V. - Sennonché l'illiceità della comunicazione (e quindi per l'appunto del trattamento) è stata motivatamente esclusa dal tribunale in relazione alla necessità di C. di tutelare, mediante un esposto alla pubblica autorità, gli interessi vitali propri e della propria famiglia, in considerazione delle minacce ricevute e della rilevata instabilità della condizione sanitaria dell'autore come deducibile dalla documentazione medica dallo stesso esibita nell'anteriore giudizio. In ciò è da ravvisare una valutazione di merito, congruamente motivata e non sindacabile in questa sede poiché presidiata dall'accertamento della indispensabilità del trattamento come effettuato. Questa Corte ha recentemente stabilito, sebbene in ordine al testo del codice della privacy anteriore al GDPR, che in tema di tutela della riservatezza ogni trattamento dei dati personali deve essere effettuato nel rispetto del cd. "criterio di minimizzazione"; vale a dire limitatamente ai dati indispensabili, pertinenti e limitati a quanto necessario per il perseguimento delle relative finalità (v. Cass. n. 11020-21). Il principio, da mantenere anche in relazione al testo del Regolamento UE sopra citato, con cui è chiaramente sintonico, e non smentisce, ma anzi conforta, il criterio di giudizio seguito dal giudice a quo.

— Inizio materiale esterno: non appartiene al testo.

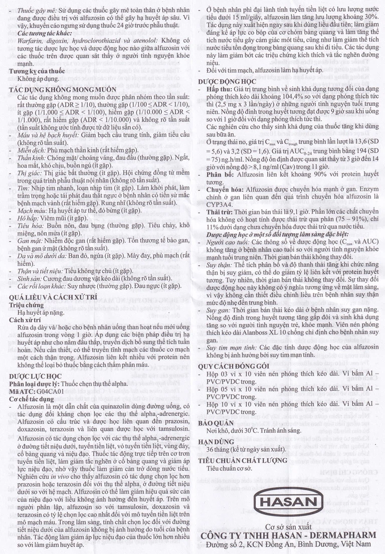 Alfuzosin là một dẫn chất của quinazolin dùng đường uống, có tác dụng đối kháng chọn lọc các thụ thể alpha,-adrenergic.

VI. - Ne può rilevare il distinto criterio comparativo sostenuto dalla difesa di P. nel terzo motivo di ricorso (al quale peraltro sembrerebbe funzionale anche il secondo motivo in nome dell'omesso esame di fatti asseritamente decisivi). Il Considerando 47 del GDPR, prendendo in considerazione legittimi interessi del titolare del trattamento, precisa che tali legittimi interessi, "compresi quelli di un titolare del trattamento a cui i dati personali possono essere comunicati, o di terzi", costituiscono base giuridica del trattamento "a condizione che non prevalgano gli interessi o i diritti e le libertà fondamentali dell'interessato, tenuto conto delle ragionevoli aspettative nutrite dall'interessato in base alla sua relazione con il titolare del trattamento". A tale Considerando si lega, in funzione precettiva, l'art. 6 del Regolamento, che stabilisce la liceità - appunto - del trattamento "se necessario per il perseguimento del legittimo interesse del titolare del trattamento o di terzi, a condizione che non prevalgano gli interessi o i diritti e le libertà fondamentali dell'interessato che richiedono la protezione dei dati personali". Ebbene è risolutivo che, oltre al già visto giudizio di indispensabilità, anche quello di prevalenza, o di sub valenza, costituisce oggetto di una valutazione di merito. La quale valutazione ancora una volta il tribunale di Rieti ha svolto e motivato correttamente, sulla base degli elementi conoscitivi e di fatto a sua disposizione." Le spese processuali seguono la soccombenza.
P.Q.M.
La Corte rigetta il ricorso e condanna il ricorrente alle spese processuali, che liquida in 4.200,00 EUR, di cui 200,00 EUR per esborsi, oltre accessori e rimborso forfetario di spese generali nella massima percentuale di legge. Dispone che, in caso di diffusione della presente ordinanza, siano omesse le generalità e gli altri dati significativi. Ai sensi dell'art. 13, comma 1-quater, del d.P.R. n. 115 del 2002, dà atto della sussistenza dei presupposti per il versamento, da parte del ricorrente, dell'ulteriore importo a titolo di contributo unificato pari a quello relativo al ricorso, se dovuto.